( L - R ) Bush, Annan and Hu
WASHINGTON (AP):
President George W. Bush called yesterday for stiff sanctions on North Korea and stressed Washington had no intention of attacking the reclusive regime, even as Pyongyang warned of possible military reprisals if the United States did not stop "pestering" it about its claimed nuclear test.
Rejected meetings
Bush also rejected direct meetings with the North, just minutes after United Nations Secretary-General Kofi Annan called on the United States to hold bilateral talks with North Korea to ease deepening tensions.
U.S. officials said they hoped to circulate a revised U.N. resolution calling for sanctions on North Korea.
Meanwhile, Washington's partners in stalled North Korean nuclear negotiations took action on their own. Japan issued a volley of its own tough sanctions. China sent a special envoy for President Hu Jintao to Washington for talks.
And South Korea said it was making sure its troops were prepared for atomic warfare and may bolster its conventional forces as well. The top U.S. general in South Korea also said American soldiers were poised to repel any attack.
Amid the deepening unease, North Korea lashed out with threats of more nuclear tests and warned that U.N. sanctions would be tantamount to a declaration of war.
Annan urged North Korea not to escalate
an "extremely difficult" situation.
In a White House news conference, Bush said the United States remains committed to diplomacy but also "reserves all options to defend our friends in the region."
North Korea has said that one reason it tested an atomic weapon is fear of attack from the United States.
But Bush said the United States has "affirmed that we have no nuclear weapons on the Korean Peninsula. We affirmed that we have no intention of attacking North Korea."
Diplomatic measures
In answer to a question he asked himself - why the U.S. does not take military action against North Korea - Bush said: "I believe the Commander in Chief must try all diplomatic measures before we commit our military."
North Korea, in its first formal statement since Monday's claimed bomb test, hailed the blast as a success and said attempts by the outside world to penalise North Korea with sanctions would be considered an act of war.
Further pressure will be countered with physical retaliation, the North's Foreign Ministry warned in a statement carried by the official Korean Central News Agency.

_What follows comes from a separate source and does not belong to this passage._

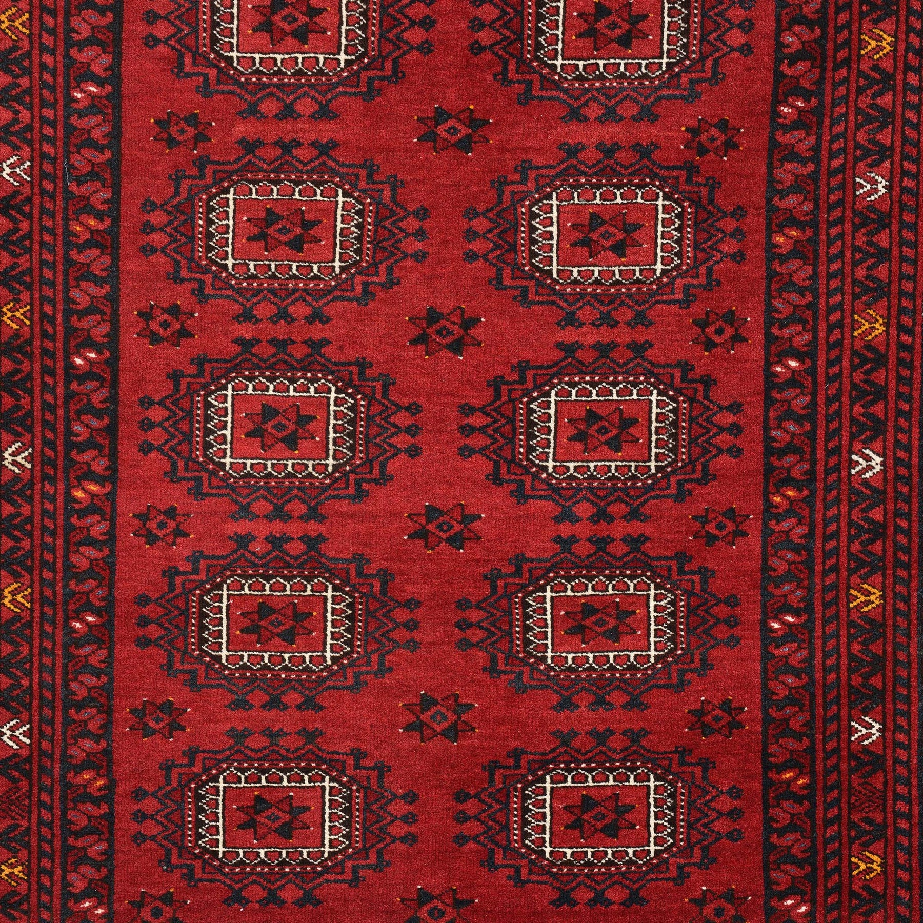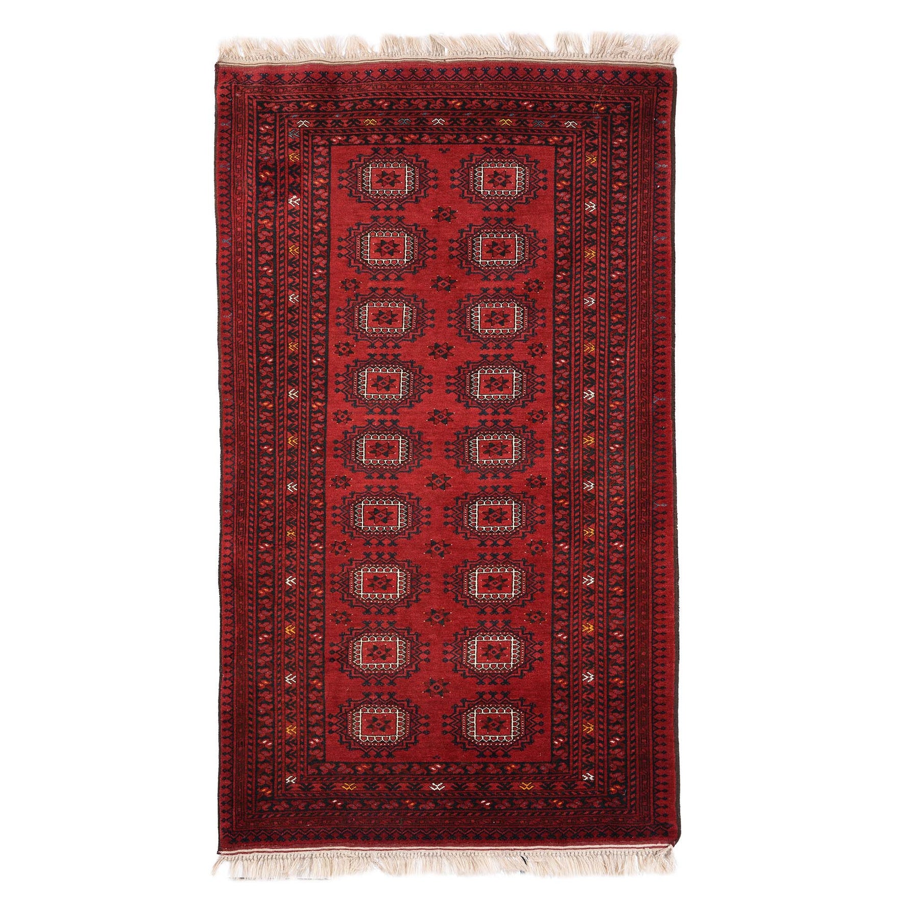 Kizil Ayak rugs take their name from the Kizil Ayak tribe who inhabit Turkmanistan who originally created them as dowry gifts used in Turkmen wedding ceremonies. Produced from the 19thC onwards, their deep rich reds and blues with repeating floral and geometric patterns have proven a firm favourite in the antique, collector and consumer rug markets of Europe and America.

"If the U.S. keeps pestering us and increases pressure, we will regard it as a declaration of war and will take a series of physical corresponding measures," the statement said, without specifying what those measures could be.
Unfazed by the threats, Japan announced a crackdown meant to hit the economic lifeline to the North's 1-million-member military, the world's fifth largest.
The new measures ban North Korean imports and prohibit ships from the impoverished nation from entering Japanese ports. North Korean nationals will also be barred from entering Japan, with limited exceptions, the Cabinet Office said after an emergency meeting.
"Japan is in gravest danger, if we consider that North Korea has advanced both its missile and nuclear capabilities," Prime Minister Shinzo Abe told reporters following the meeting. "These measures were taken to protect the peace."
A ban on imports and ships would be a blow to North Korea, whose produce like clams and mushrooms earns precious foreign currency on the Japanese market. Ferries have long served as a major conduit of communication and cash between the two countries, which have no diplomatic relations.
Japan stepped up sanctions even before the U.N. Security Council finished debating a U.S.-backed proposal that would further punish the North.
Washington has asked the council to impose a partial trade embargo including strict limits on North Korea's weapons exports and freezing related financial assets. All goods sent to North Korea would be inspected too, to filter materials that could be made into nuclear, chemical or biological weapons.
North Korea's No. 2 leader Kim Yong Nam threatened in an interview with a Japanese news agency that there would also be more nuclear tests if Washington continued what he called its "hostile attitude."
"The issue of future nuclear tests is linked to U.S. policy toward our country," Kim Yong Nam was quoted as saying by Kyodo News agency when asked if Pyongyang will conduct more tests.
Along the razor-wired no-man's-land separating the divided Koreas, communist troops were more boldly trying to provoke their southern counterparts: spitting across the demarcation line, making throat-slashing hand gestures, flashing their middle finger and trying to talk to the troops, said U.S. Army Maj. Jose DeVarona, adding that the overall situation was calm.
On the streets of North Korea's capital, it seemed like business as usual. Video by AP Television News showed people milling about Kim II Sung square in Pyongyang and rehearsing a performance for the 80th anniversary of the "Down with Imperialism Union."
South Korean Defence Minister Yoon Kwang-ung said Seoul could enlarge its conventional arsenal to deal with a potentially nuclear-armed North Korea.
In rare direct criticism of the communist regime from Seoul, South Korean President Roh Moo-hyun said the security threat cited by North Korea "either does not exist in reality, or is very exaggerated," according to South Korea's Yonhap news agency.
He spoke even as South Korea's military was checking its readiness for nuclear attack, Yonhap said. The Joint Chiefs of Staff recommended improving the military's defences, possibly with state-of-the-art weapons to destroy nuclear missiles, the report said.